Previous step always have to be followed by :

$ sudo apt-get update

It downloads the package lists from the newly added repository( and also updates package lists of the other already used repos). After these steps the Oracle’s Java package will be reachable for us. To install it use the following command:

$ sudo apt-get install oracle-java7-installer

During installation we will have to accept the license:

Next step will be installation of Apache Ant build tool and Git:

$ sudo apt-get install ant

$ sudo apt-get install git

To download latest Cassandra sources from its repository type:

$ sudo git clone http://git-wip-us.apache.org/repos/asf/cassandra.git

It will copy Cassandra git repository to “cassandra” folder under the current location.
To build Cassandra, go to that folder:

$ cd cassandra

and use:

$ sudo ant build

Cassandra needs two following folders, one for data and second for logs. Create them with:

$ sudo mkdir /var/lib/cassandra /var/log/cassandra

And change their owner to the current user and group:

$ sudo chown -R $USER:$GROUP /var/lib/cassandra
$ sudo chown -R $USER:$GROUP /var/log/cassandra

Now we have a machine with raw Cassandra installation but do not run it, we want to have it raw, as it is now.

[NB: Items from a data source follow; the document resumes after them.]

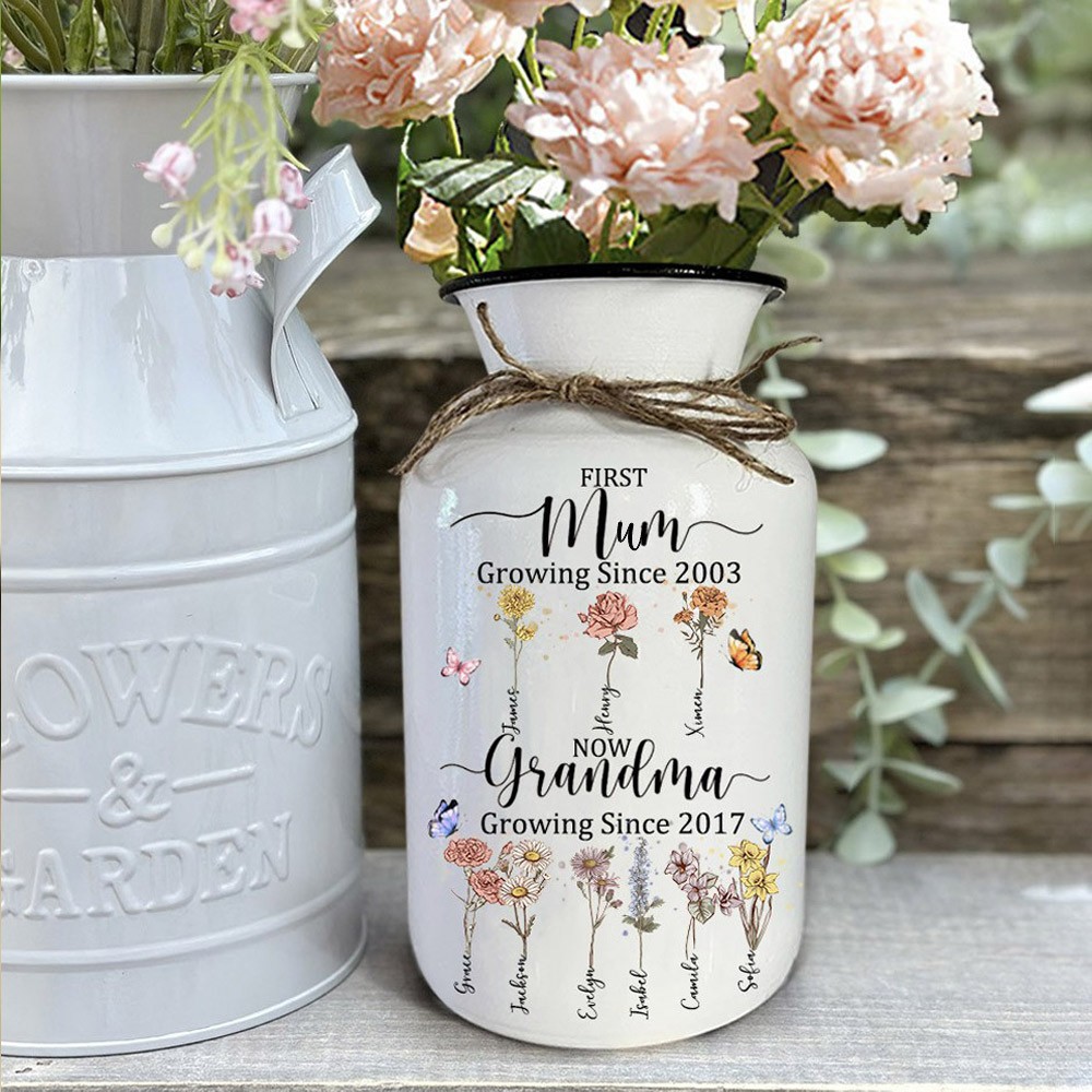 Custom First Mum Now Grandma Birth Flower Vase with Kids Name Gifts for Mum Grandma Mother's Day Gift Ideas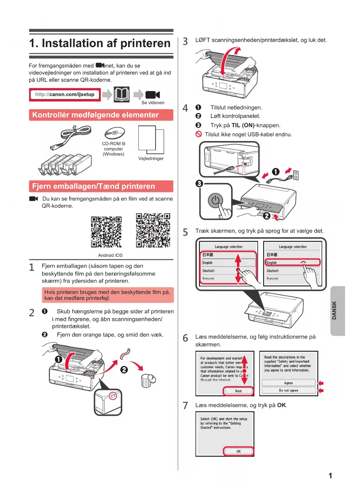 For fremgangsmåden med -ikonet, kan du se videovejledninger om installation af printeren ved at gå ind på URL eller scanne QR-koderne. Se videoen Kontrollér medfølgende elementer CD-ROM til computer (Windows)Vejledninger Fjern emballagen/Tænd printeren Du kan se fremgangsmåden på en lm ved at scanne QR-koderne. Android iOS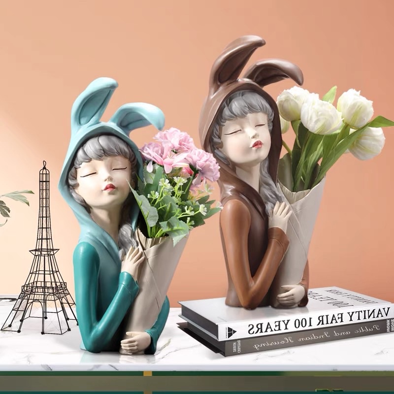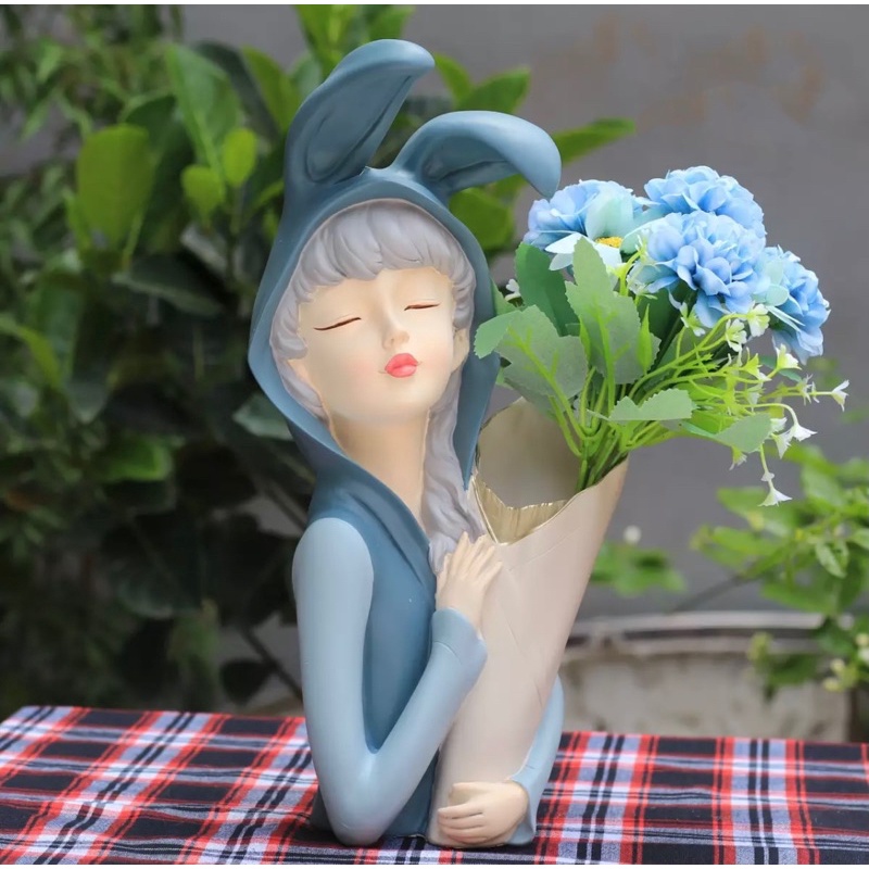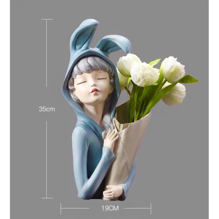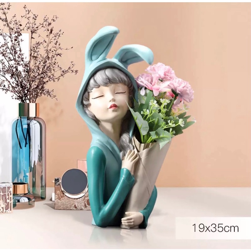 Nhà cửa & Đời sống > Trang trí nhà cửa > Bình trang trí || Bình lọ cô gái ôm hoa tai thỏ tượng decorCòn hàng

Last step is to create a startup script that will add the machine name to the /etc/hosts file. Why doing it? It is kind of workaround. When we will capture an image of this machine and use it to create another, with different name, Azure won’t add it for us and we will run into :

Error: Exception thrown by the agent : java.net.MalformedURLException: Local host name unknown: java.net.UnknownHostException: <name>:<name>

while starting Cassandra.

To create this script open some text editor:

$ nano

And paste the following code to it:

#!/bin/bash

local_address=`hostname -I`

cassandra_yaml="$HOME/cassandra/conf/cassandra.yaml"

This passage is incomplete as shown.